In contrast to what you suggest in your note, however, our model does not attempt to identify state-level dynamics with an insufficient sample size. Instead, our assumption is that counties composed of residents with similar demographic and neighborhood profiles will perform similarly on our political-tolerance scale. In essence, we overcome the traditional limitations of small sample sizes by relying on our massive baseline dataset to identify the range of different neighborhood profiles within and across counties.
Our goal in this undertaking was to combine quantitative methods with qualitative reporting. Ultimately, we tried to find both quantitative and qualitative evidence in support of positions toward the top or bottom of our tolerance scale (examples here).
Yes, there are caveats to this analysis:
- Our methods have limits, the most important of which we believe to be the difficulty of counting political partisans at the county level. For example, we want to know how many white, married Republicans over age 55 with a college education happen to live in suburban neighborhoods with a high mix of partisans and different age groups in, say, Wake County, North Carolina. No one knows this exact number. Our large-scale data set on all adult Americans attempts to estimate this number, but it can introduce bias due to the slightly different ways Republicans and Democrats are counted across states (more here).
- Our analysis is based on 2018 data, and we absolutely believe results need to be seen within the context of that time. The same is true for any poll or study on dynamic political attitudes.
- We might miss county-level peculiarities beyond demographics and composition of neighborhoods, although we do think the data on neighborhood compositions offers a pretty good stand-in for such peculiarities. For example, Americans who live in politically segregated neighborhoods—something our model picks up—are less likely to have politically cross-cutting conversations at the grocery store than Americans who live in politically diverse neighborhoods.

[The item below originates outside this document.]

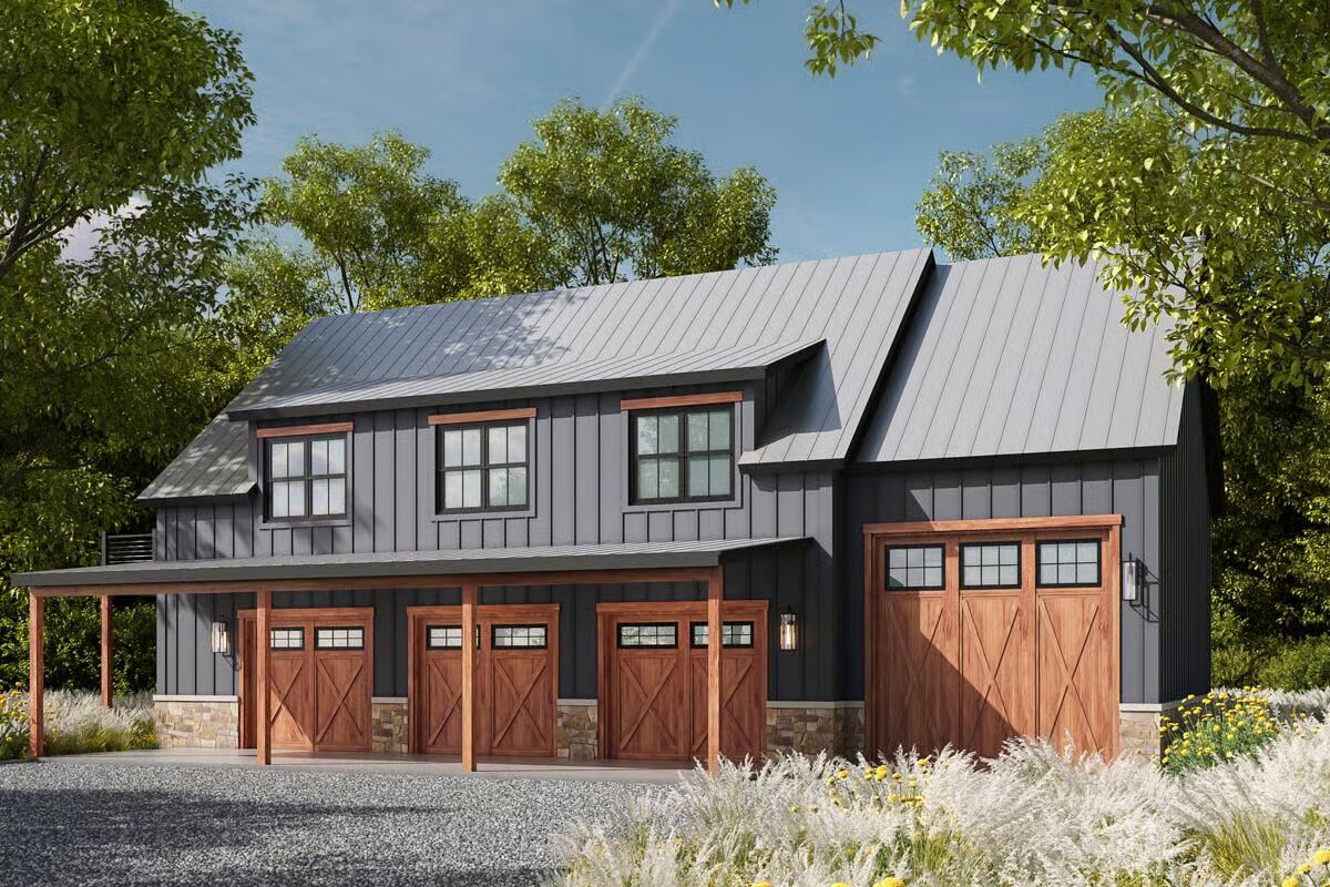 This modern detached garage apartment combines functionality and style, offering 1,628 sq. ft. of living space with 1 bedroom and 2 full baths, along with an impressive 1,995 sq. ft. 4-car garage — ideal for collectors, hobbyists, or those needing extra storage.

PredictWise prides itself on transparency. You can find our full methodology here (and clean raw data can be found here—email email@example.com for access credentials). We believe that more data and better models will always improve existing research. Having access to a combination of novel survey methods, analytics, modern computing, and very large baseline data sets allowed us to take a first crack at mapping the variation in political tolerance, an important (and under-addressed) subject. We hope to have started useful debates around what causes political tolerance and how more tolerance can be cultivated. We believe this is the first step in igniting a virtuous circle of replication, additional data collection, and more analyses, each one getting us closer to the truth.